New Duties Prompt Ghosn to Name “Co-CEO” at Nissan
To avoid overextending himself, Ghosn has promoted Hirota Saikawa to “co-CEO” at Nissan. Saikawa, reportedly on the short list to eventually succeed Ghosn at Nissan, currently is executive vice president-global purchasing, manufacturing, supply-chain management, R&D and customer satisfaction.
“Masuko-san needs support and advice to help facilitate relationships with other entities in the alliance,” Ghosn says, stressing he needs to “make sure that we are not losing focus on Nissan’s own performance.”
Ghosn says Saikawa’s service as co-CEO will ensure Nissan delivers on its midterm plan and performance.
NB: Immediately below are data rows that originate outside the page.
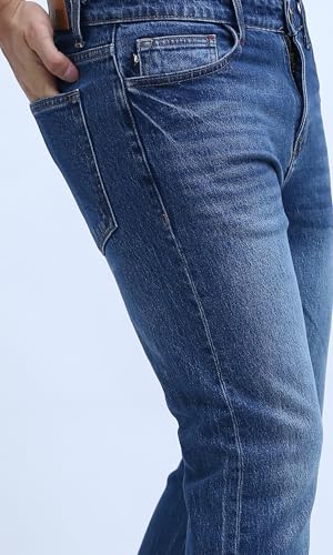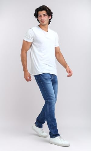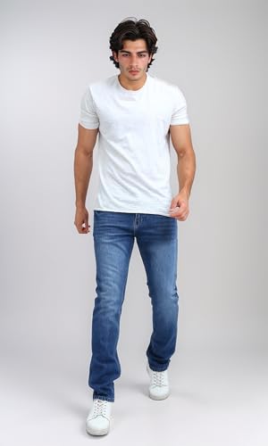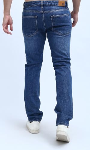 Ravin - بنطلون جينز كاجوال سادة بقصة ضيقة للرجال من ريفين - أزرق غامق
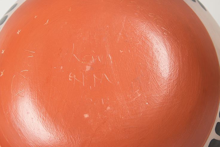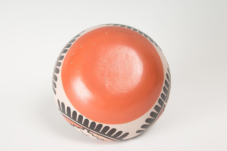 Santo Domingo Jar by Robert Tenorio . 7" x 9". Polychrome designs. Signed Robert Tenorio, Kewa, NM 2012.
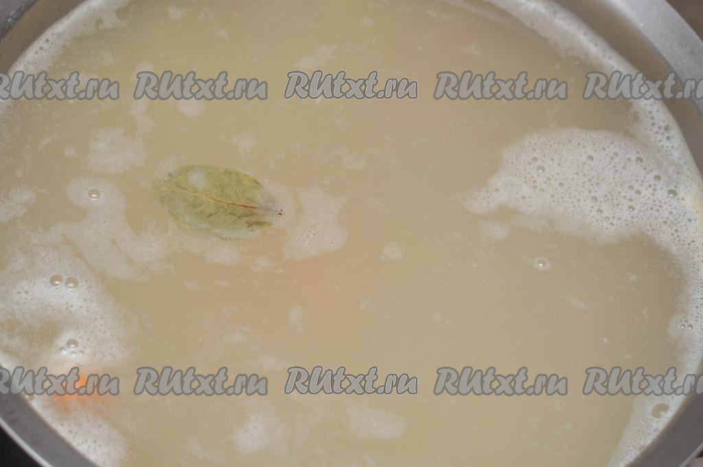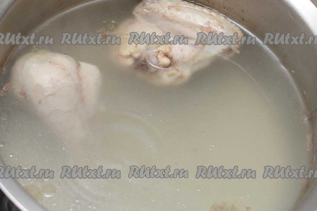 Для того чтобы сварить бульон, нужно вымытые кусочки курицы (я взяла ножку и крылышко) выложить в кастрюлю, залить 2 литрами воды, поставить на сильный огонь, после закипания, убрав с поверхности пену, варить бульон на небольшом огне 30 минут (до готовности мяса).

“We’re (also) taking this step because of the Mitsubishi task and responsibility. There will be no difference between what I say and what Hirota-san does. We need to adapt the organization.”
Nissan will make other changes including expanding Nissan North America Chairman Jose Munoz’s duties to include chief performance officer.
When WardsAuto interviewed Masuko in June, the Mitsubishi CEO was not clear about what role, if any, he would play in the new organization. Having stayed on at Ghosn’s insistence, Masuko will serve indefinitely implement Mitsubishi’s new midterm plan.
Ghosn says Masuko’s continued presence was a condition for creation of the alliance.
Masuko “didn’t want to stay on the job,” Ghosn says. “He told me many times that he wanted to resign and take responsibility for what had happened. I want to make it very clear. I asked him to stay.
“This was a very important condition for us to make the alliance because Nissan trusts Masuko-san. I asked him (to stay) for the best interest of Mitsubishi Motors and the alliance. He agreed.”
Masuko’s first request when he approached Ghosn in April was for help in rebuilding Mitsubishi’s product-development and engineering operation. Ghosn obliged by sending former Executive Vice President Mitsuhiko Yamashita, who had headed Nissan’s global R&D operation for more than a decade before retiring in June 2015 and becoming a technical advisor.
“Yamashita-san is currently leading the effort to transform our engineering operation. To this end, he is reviewing human-resource requirements and has determined that there is a shortage,” Masuko says, noting the retired executive already has identified 31 issues of concern.
“We’re still waiting for his final report. Based on that we will seek further assistance from Nissan or perhaps turn to the market.”
Ghosn is clear that it no longer will be business as usual at Mitsubishi.
“Because there is an emergency here, we must insure that everything is put in place to avoid events like the one related to fuel economy and emissions so that they won’t happen again,” Ghosn says.